July 13, 2008 · 1 Comment

You know, there’s just never enough time to do all the things I have to do and all the things I want to do. So I either put off the former, stress out, get anxiety-ridden, and feel like a loser…or put off the latter, and feel unfulfilled and like a loser. Both results in me feeling like a loser. Why, oh why, can’t I just be independently wealthy, and spend my days reading, writing, crafting, drinking coffee, and enjoying the great city in which I live?

One of the things I want to do on a regular basis is write. Since I made the decision to actively do so [in my quest of becoming a "writer"], I’ve made leaps and bounds in my prioritizing “writing” and putting it near the top of the list [even above "laundry" and "gettin' money from my hoes"]. But I haven’t enough time in the day! I don’t even get it. I work all day, come home, watch a tiny bit of television, check my email, then all of the sudden it’s time for bed! No time to write, unless I drink massive amounts of coffee and/or alcohol, and don’t sleep…which I’d do, but my youthful face would suffer, I fear. And I like being 25, yet still passing for a teenager. It gives me hope for when I enter my 30s [which a jerk I work with reminded me is not too far off].

So, specifically, I wanted to write about my most recent experiences at a concert. I began writing the story a couple days ago, so finally, here it is:

The panic was so far-reaching it could be described as widespread

The concert tonight exceeded any of my expectations, the few that I had. I met Steve, the tour manager [or so his business card read] at Fenway on Wednesday. He offered me tickets to see Widespread Panic on Thursday night, so how could I refuse? Free concert = awesome. My roommate and a friend said they’d come with me, and we met at the Bank of America Pavilion down by the Boston Harbor at 7:00. Will call didn’t have me on “the list” so I called Steve, and he brought the four tickets up [and my roommate called the situation "dodgy"]. I only had two friends, so there was an extra ticket that my roommate promptly sold for twenty bucks. I said we couldn’t sell a free ticket, but he’s Irish and doesn’t follow normal rules.

When we got inside, the scent of marijuana wafted through the air. With ten-dollar beers in hand, we laughed, joked, and chatted while Widespread Panic jammed on stage. Upon drinking the second alcoholic beverage, and as the sun finally set, we stood up and joined the throngs of hippies dancing in the aisles of the pavilion, moving their bodies without inhibitions. There was no way we could refuse the call of the music [especially a ten-minute jam of Bill Withers' "Use Me"] and soon we, too, shook and gyrated like the white people we are. The dancing was contagious!

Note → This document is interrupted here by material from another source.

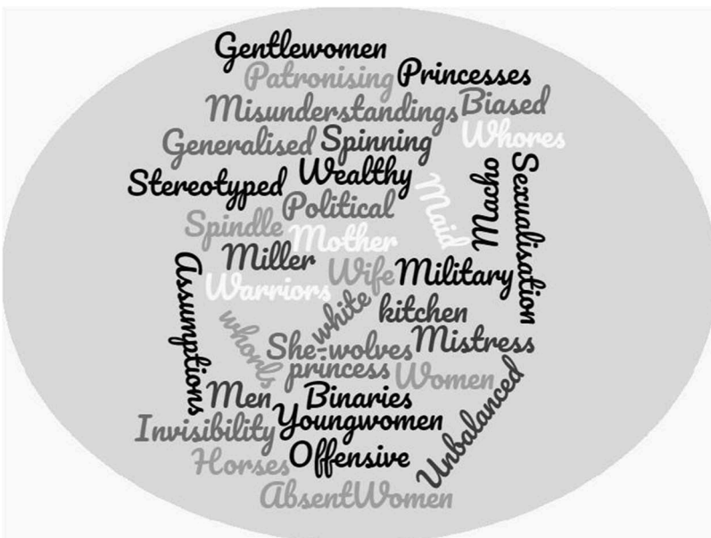
Figure 2. Wordcloud of 'Bad' Gender Interpretations.

Overall, it seems that imagining what 'good' gendered interpretations looked like, proved a lot easier than discussing the 'bad'. There were some differences of opinion around the fairness of listing gendered interpretations as 'bad' because they were simplistic or did not capture the extents of different gender identities. These were viewed as 'a good effort', reminiscent of second wave feminism and the 'add women and stir' approach (Tringham 1991). There was a consensus across all groups that merely including women in a superficial way was a 'bad' interpretation, despite the fact that most groups had defined a 'good' gendered interpretation as 'including women' (Figures 1 and 2). The results of this breakout

And actually, quite fun. Even the cute four-year old girl with glasses was running up and down the aisles, jumping and shaking about. In the bathroom, my friend and I encountered the ballerina-turned-hippie, who demonstrated her years of ballet study with a glissade and an arabesque before flitting her way back to her seat.

At 10, a we finally departed and made our way to Hennessey’s near Faneuil Hall for an awesome 90s rock cover band that jams there on Thursday nights. The bar was so hot that during the band’s break, I turned the fan that cooled them off to me and stood in front of it. Unfortunately I got too close and my hair got stuck in the fan. A helpful bystander cut off the fan and we dislodged the majority of my tresses, leaving only a small chunk of my blonde locks in the fan — I told the band’s singer it was a special gift from me. Some Sam Summers, shots, and shaking it later, and we were on the move again to J.J. Foley’s for more drinks. At 3am, we were finally in a cab to go home. All in all, a good night of music, dancing, drinking, friends, and fun.

See, if I had more time in the day, I’m sure that story could be better. But at this point I’m just happy to have a minute to sit and recall it, let alone the time to type out my memories about that night.

Maybe one day I’ll either: 1) win the lottery, quit my job and have time to write all day, or 2) meet a hot, rich, amazingly sensitive and brilliant older man who will pay all my bills and I’ll quit my job and have time to write all day.

I’m pretty sure that I have a better shot at winning the lottery.